Nhà xuất bản Trẻ
- Company type: Publisher
- Industry: Publishing
- Founded: 1986
- Headquarters: 161B Lý Chính Thắng; Ward 7; District 3; Ho Chi Minh City
- Website: www.nxbtre.com.vn/en/

= Tre Publishing House =

Vietnamese publishing company

Tre Publishing House (Nhà Xuất Bản Trẻ) is a book and magazine publisher in Vietnam.

==Publications==
A large part of books published by Tre Publishing House are those about generic life topics; however, it is their fiction books that the company is most well known for.

Tre Publishing House has published work by contemporary Vietnamese authors such as Nguyễn Nhật Ánh and Nguyễn Ngọc Tư. The company has published work by foreign authors to Vietnam including Mario Puzo (The Godfather), Paul Auster, Thomas Mann, J. K. Rowling (Harry Potter), etc.

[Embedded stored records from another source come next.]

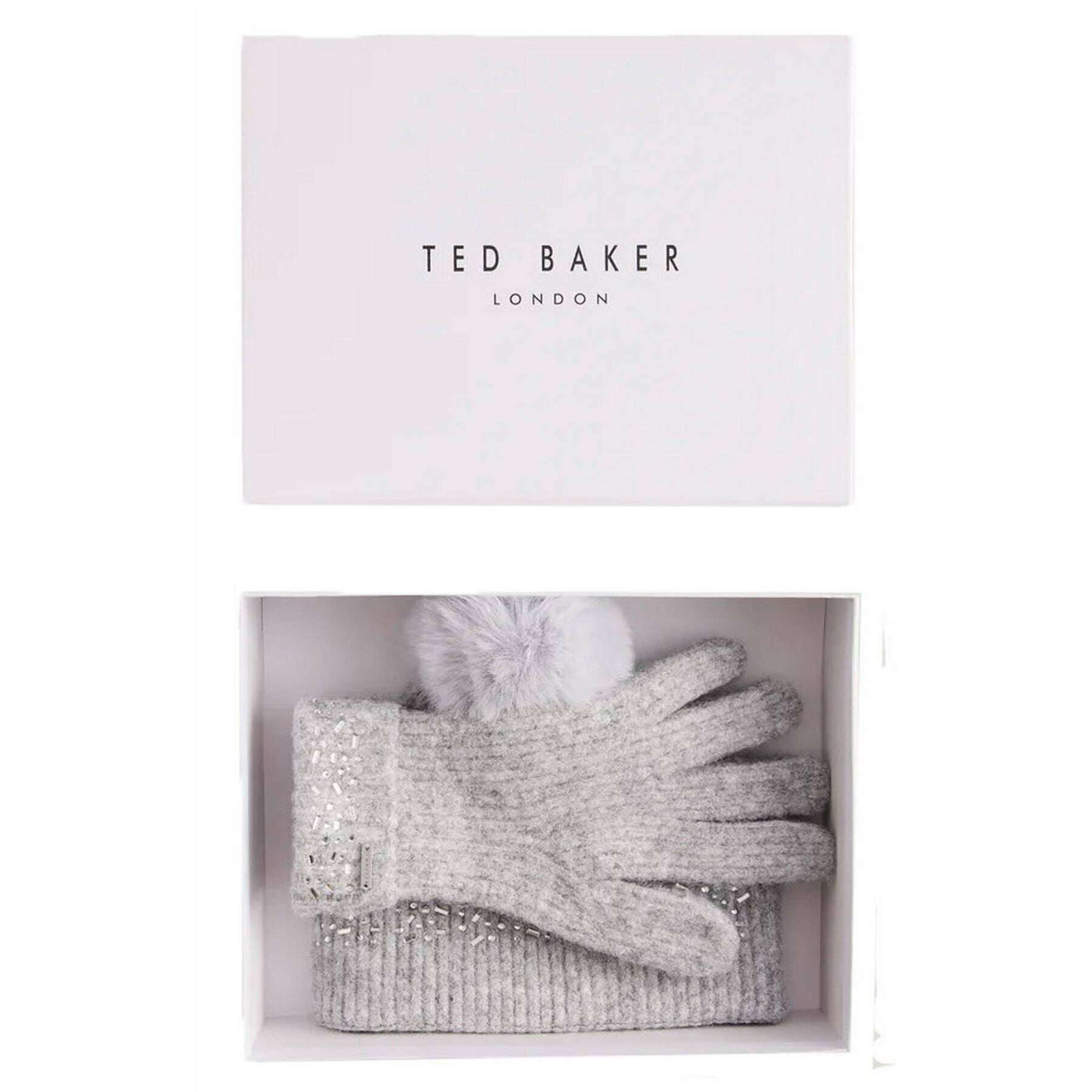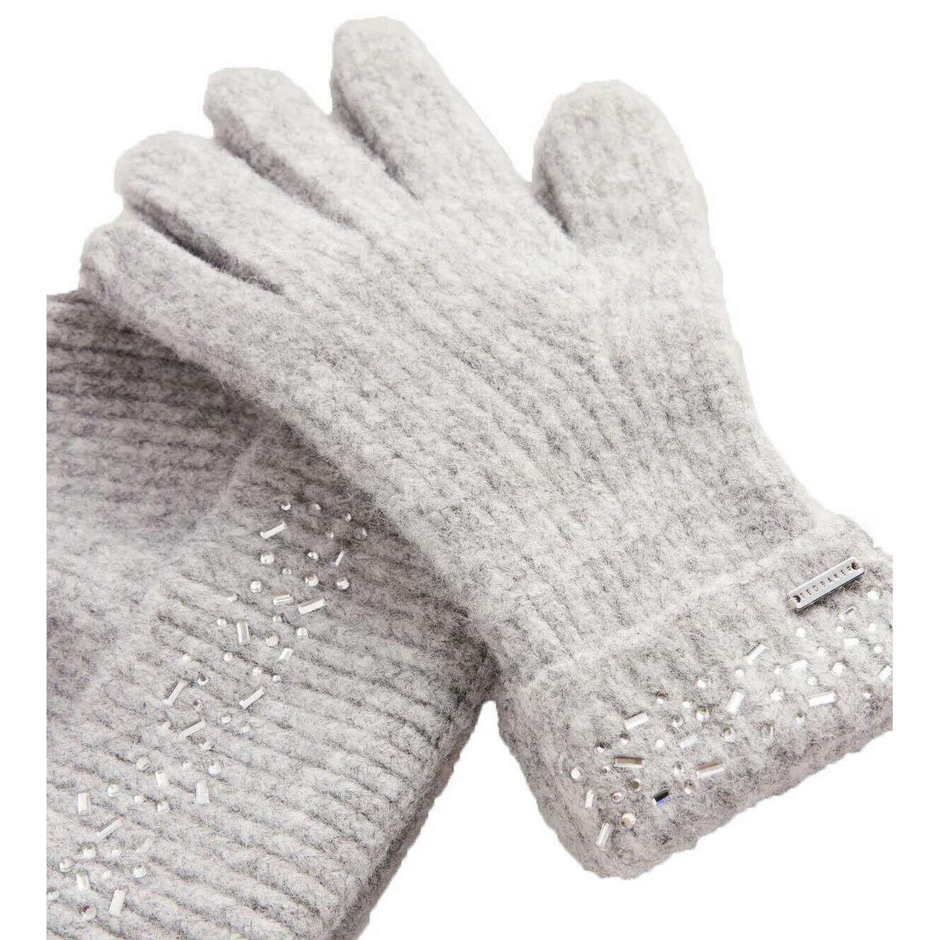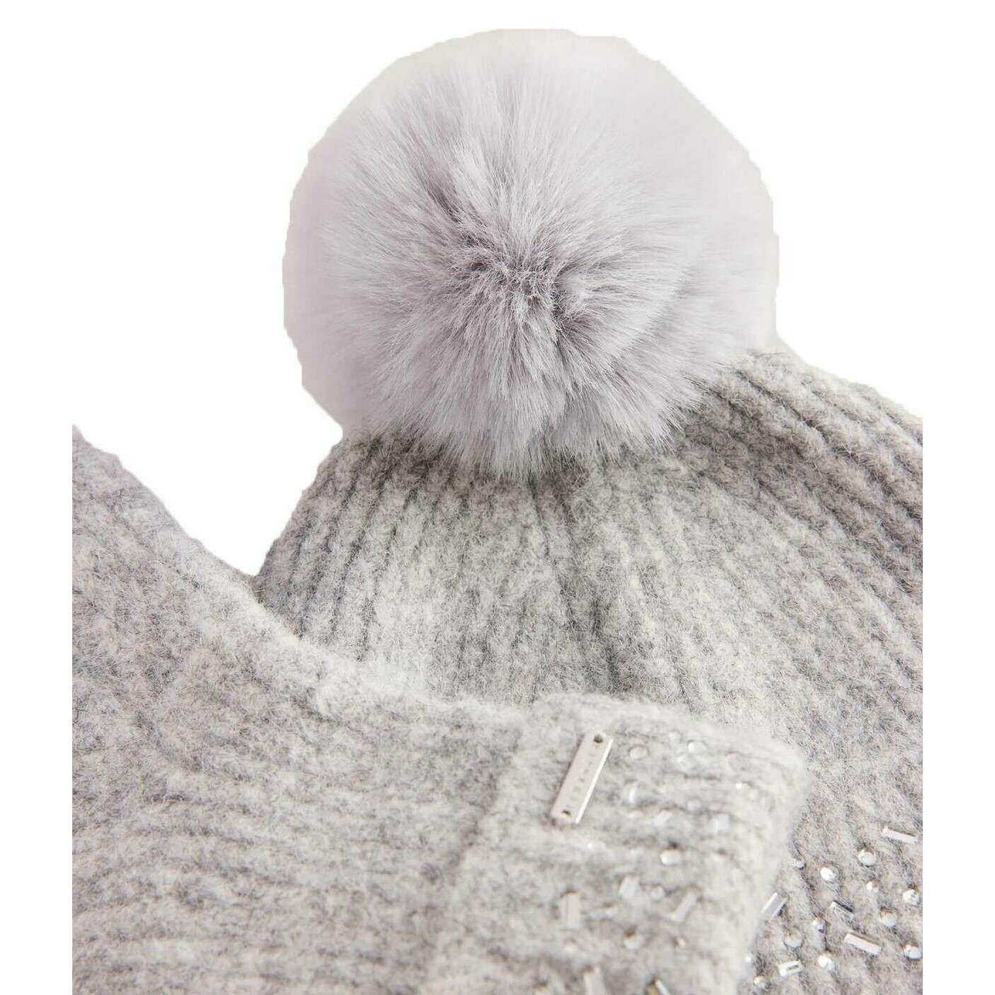 Ted Baker Keriis Rhinestone Knitted Hat and Gloves Set - Grey
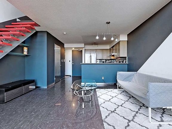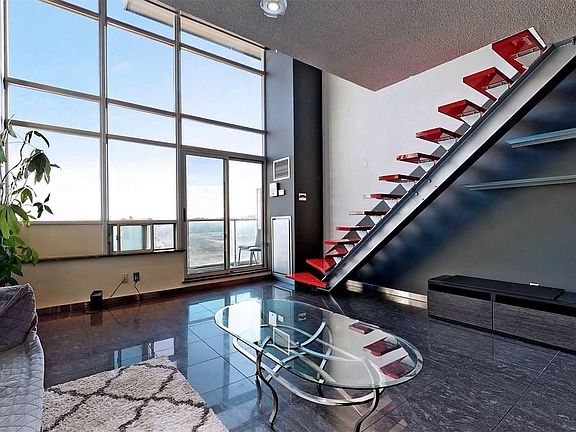 Rare South-Facing 2-Storey Loft W/ 2 Bathrooms, Balcony, Locker & Deep Tandem Parking That Fits 2+ Cars! Ultra Sleek W/ Floating Staircase, Italian Porcelain Flooring, Approx 17' Floor To Ceiling Windows & Unique Toggle Light Switches With Aircraft Parts! Indulge In Immense Natural Lighting That Beautifully Reflects Off The Stainless Baseboards & Doors. Main Bedroom On The 2nd Floor Has Ensuite 4Pc Bath, Laundry & Option To Watch Movies On Projection Screen.
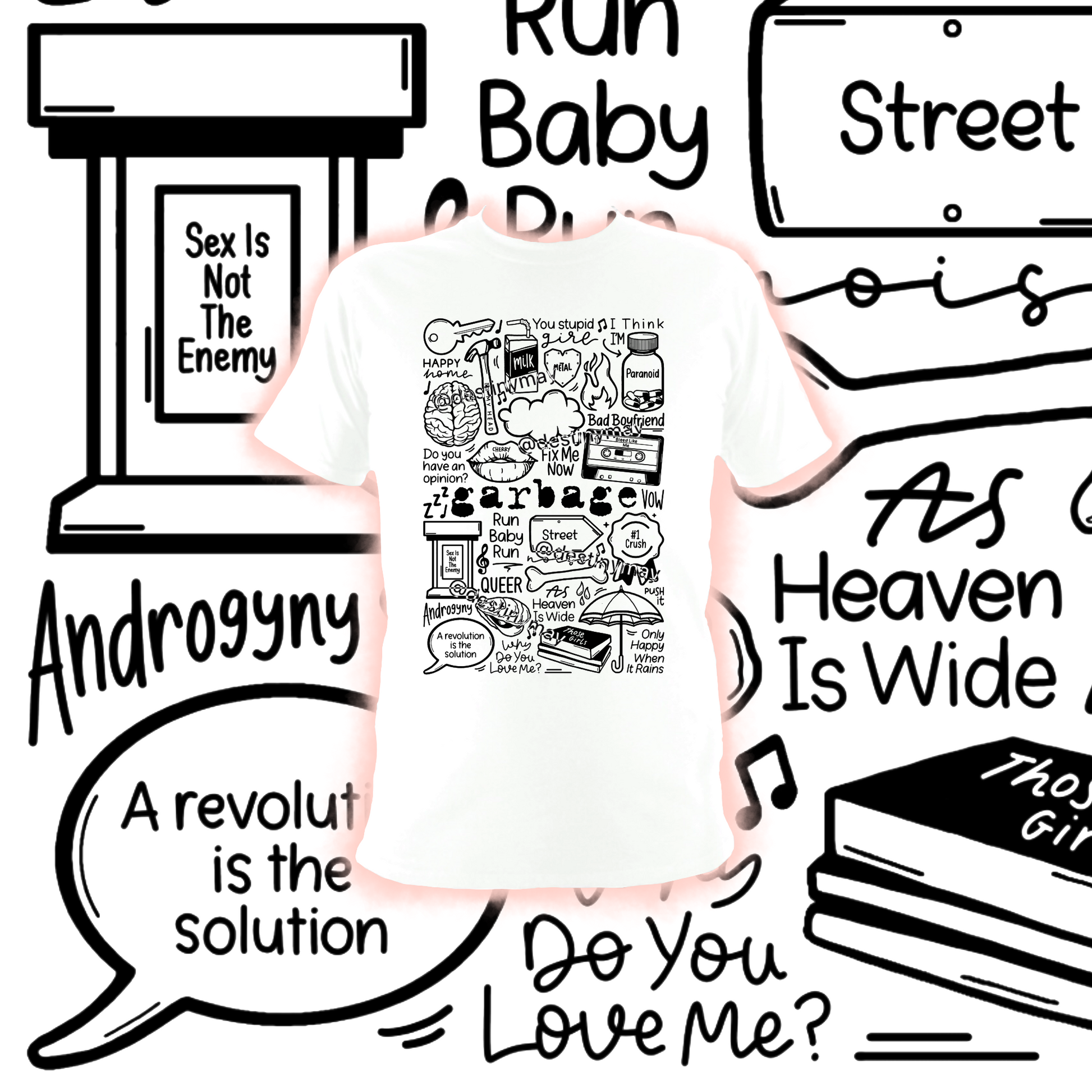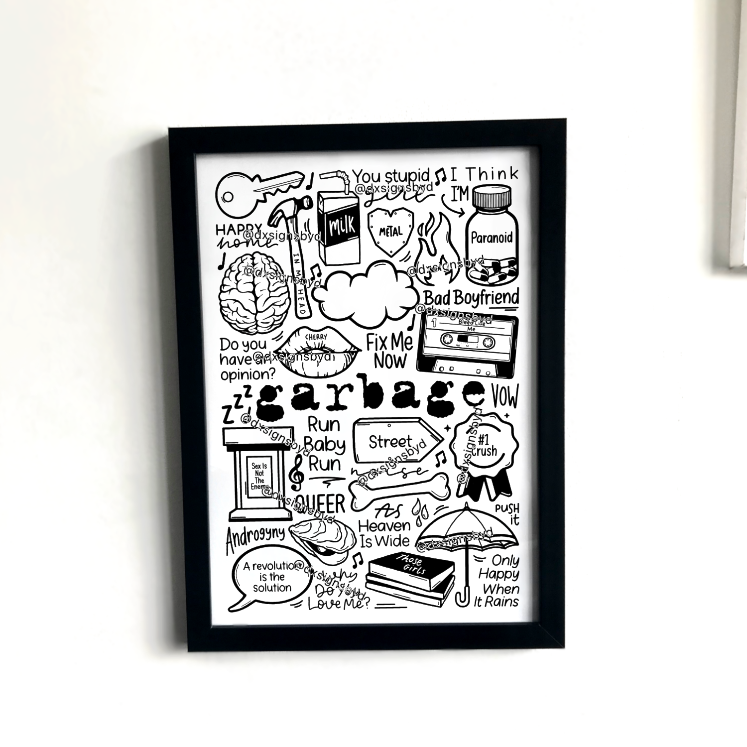 🎶Affiche imprimée Garbage créée à l'aide d'un iPad et d'un Apple Pencil. Elle comprend des images et des paroles de chansons de leurs albums tels que Bleed Like Me et Beautiful Garbage
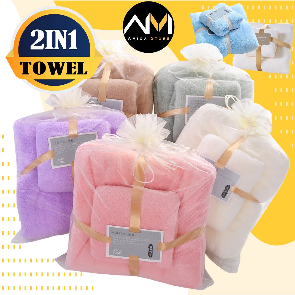 Tuala Viral Towel Set 2IN1 Microfiber Bath Towel Set Absorbent Water | Tuala Hadiah | Tuala Mandi
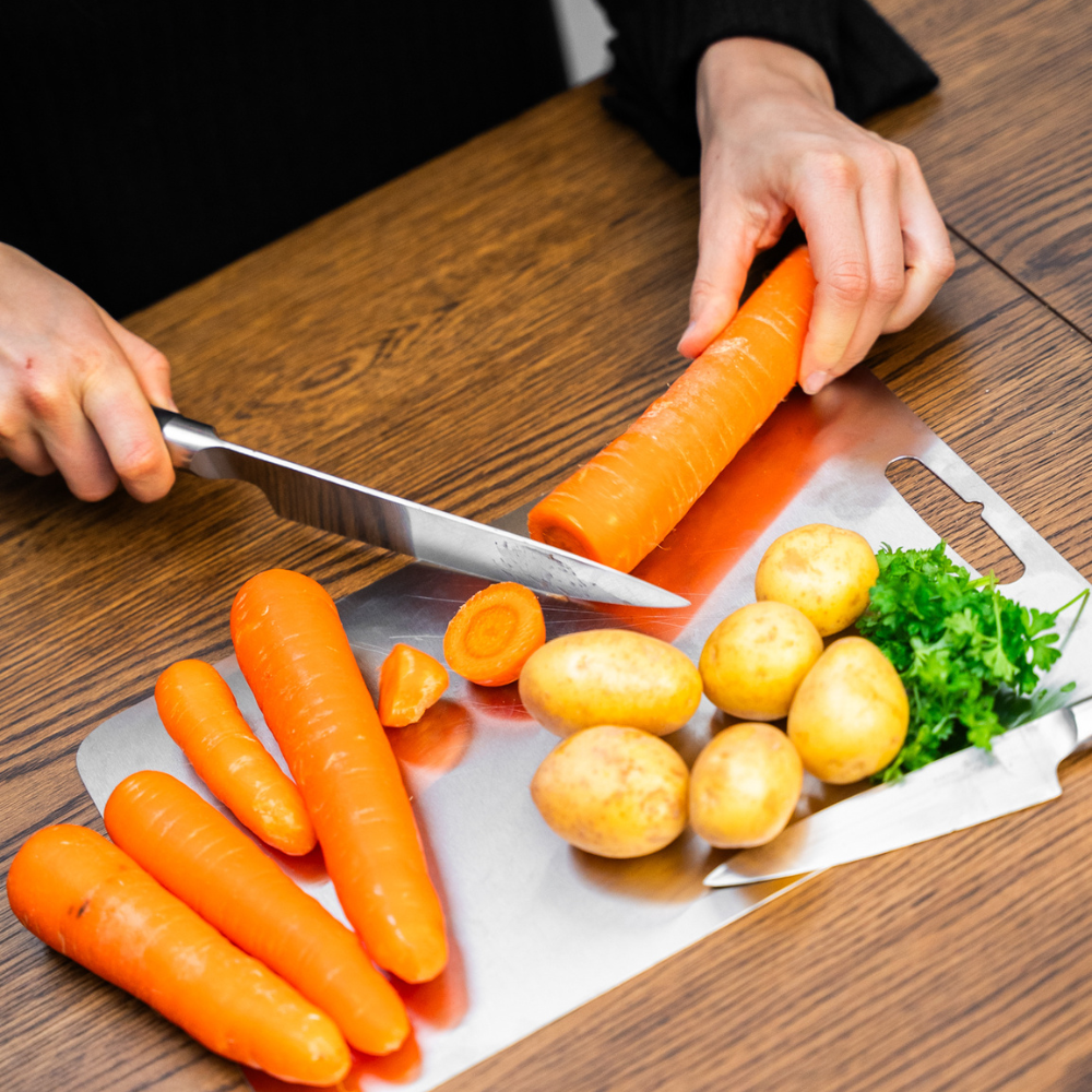 Vores skærebræt i rustfrit stål giver dig en ren madlavning HVER gang.

- Vừa nhắm mắt vừa mở cửa sổ (2004)
- Cánh đồng bất tận (2005)
- Tôi là Bêtô (2007)
- Cho tôi xin một vé đi tuổi thơ (2008)
- Nữ thần báo tử (dịch phẩm, 2012)
- Nhóc Miko! (Manga, 2011)
- Skip Beat! (Manga, 2013)

Since the end of 2012, Tre Publishing House has distributed e-book versions of published publications through one of its member unit - YBOOK, (full name is Young E-Books Co., Ltd).